Could be something peculiar to Nvidia GPUs, or maybe it’s just Firefox, but I never see this colour anywhere else, only when something causes a glitch in the rendering of video content. Sometimes it’s not just the video player that goes green, but the entire viewport of the browser window. I’m mainly curious why it’s that colour, rather than just black or white or something like that.
- HEX: 004d00
- RGB: rgb(0, 77, 0)
Cheers!
tenchiken@anarchist.nexus 12 hours ago
The Video itself is rendered off screen in a special area of memory, then the browser simply uses a predefined color to tell the driver where to display the video. The driver then takes care of things like stretching to fit etc.
It’s not actually that shade typically, and you are just seeing a side effect of the glitch.
Azzu@lemmy.dbzer0.com 12 hours ago
That doesn’t really answer the question though. Obviously it’s the side effect of some kind of glitch, but why is it always this green, why not orange or blue
lath@lemmy.world 10 hours ago
It’s the green screen which allows blending, melding, switching and superimposing layers. You see, the way it works is that I don’t know, but it got you reading this far and wasted a few moments of your time which could have been spent doing something else, like gardening.
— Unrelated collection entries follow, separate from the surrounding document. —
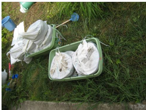
写真19 固めた液を投入した土のうをプランターに入れ、直方体の形に整える

(4) 乾燥時間を短縮して土壌除去したい場合は、アルファ澱粉、PVA液で土壌を練り上げた後、すぐに土のうに入れて踏みつけて体積圧縮、型枠へのはめ込みをして、直方体になるようにし、安全な場所へ保管する。
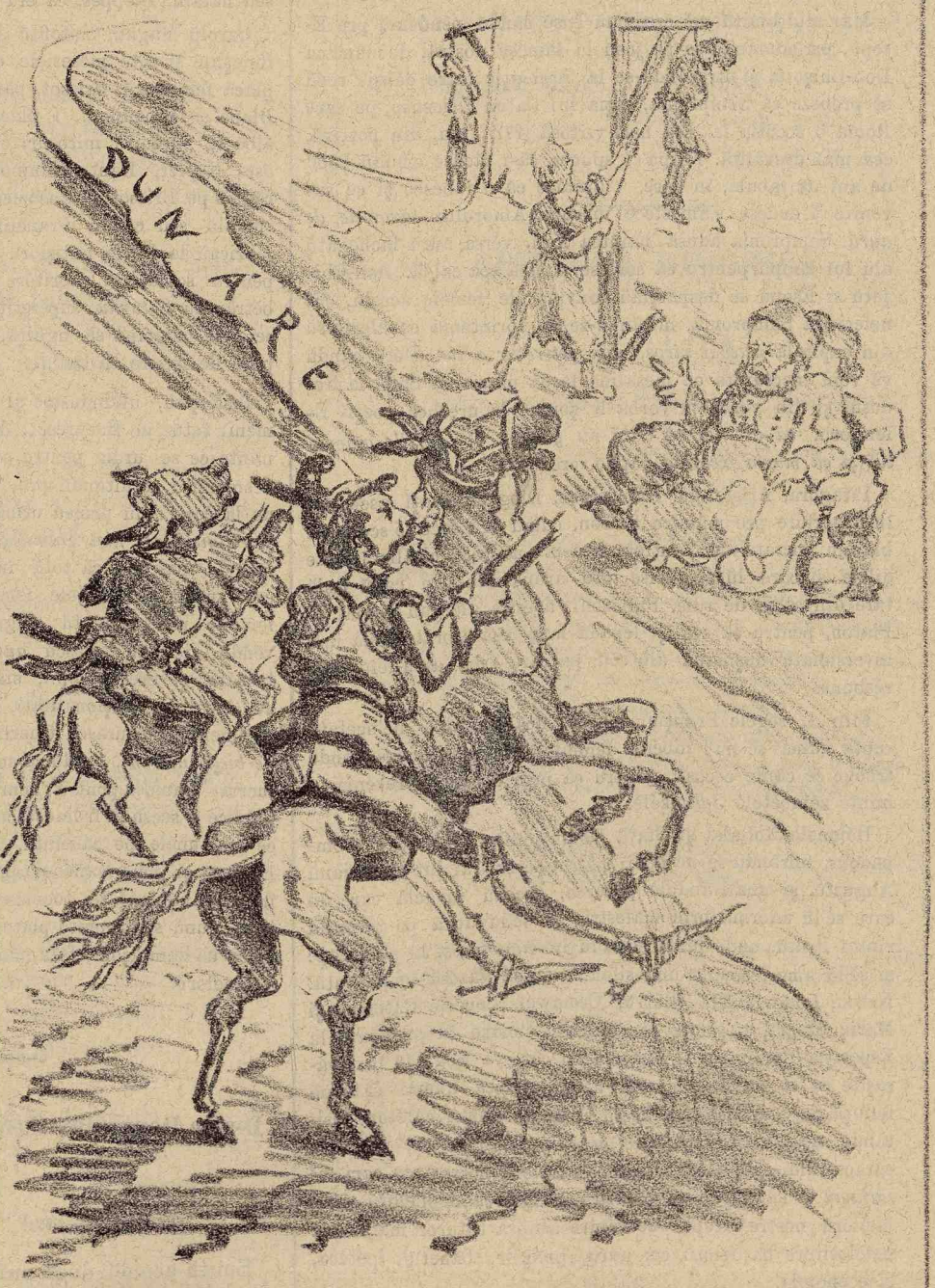
Marea pehlivăniă politică a ciortagiilor nostrii. Dêru turculu e totu turcu și pehlivani suntu totu pehlivani!...
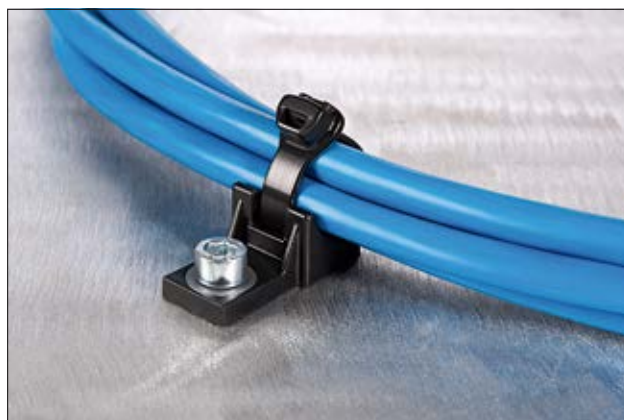
Collier de la série X combiné à une embase à visser, en application.
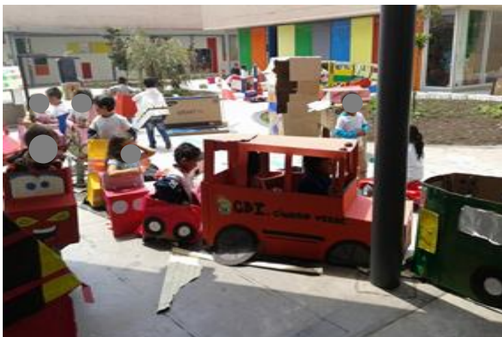
Imagen 8. Niños y niñas del nivel jardín E recorriendo el Centro de Desarrollo Infantil que estaba alusivo a la ciudad.

But really the answer is probably because it’s very nearly in the middle of the VGA color palette.
dumbass@piefed.social 11 hours ago
Probably causes less eye strain, while being noticeable.
emotional_soup_88@programming.dev 12 hours ago
I’ve never really thought about what happens to data that the system fetches over the internet. So, just as if it would’ve been stored in permanent storage locally, it’s loaded into system memory, which then “serves” it back to the browser? In my beginner head, it then looks like this: YouTube -> system memory -> browser/media player
ripcord@lemmy.world 8 hours ago
Correct. Eventually millions of very very tiny squirrels then eat the data once it is discarded.
I’m simplifying a bit, but that is generally how it works.
flandish@lemmy.world 12 hours ago
it doesn’t just update the dom via x/y? currently making an 8080 emu and am not using browser yet but may. also tell me more about your instance?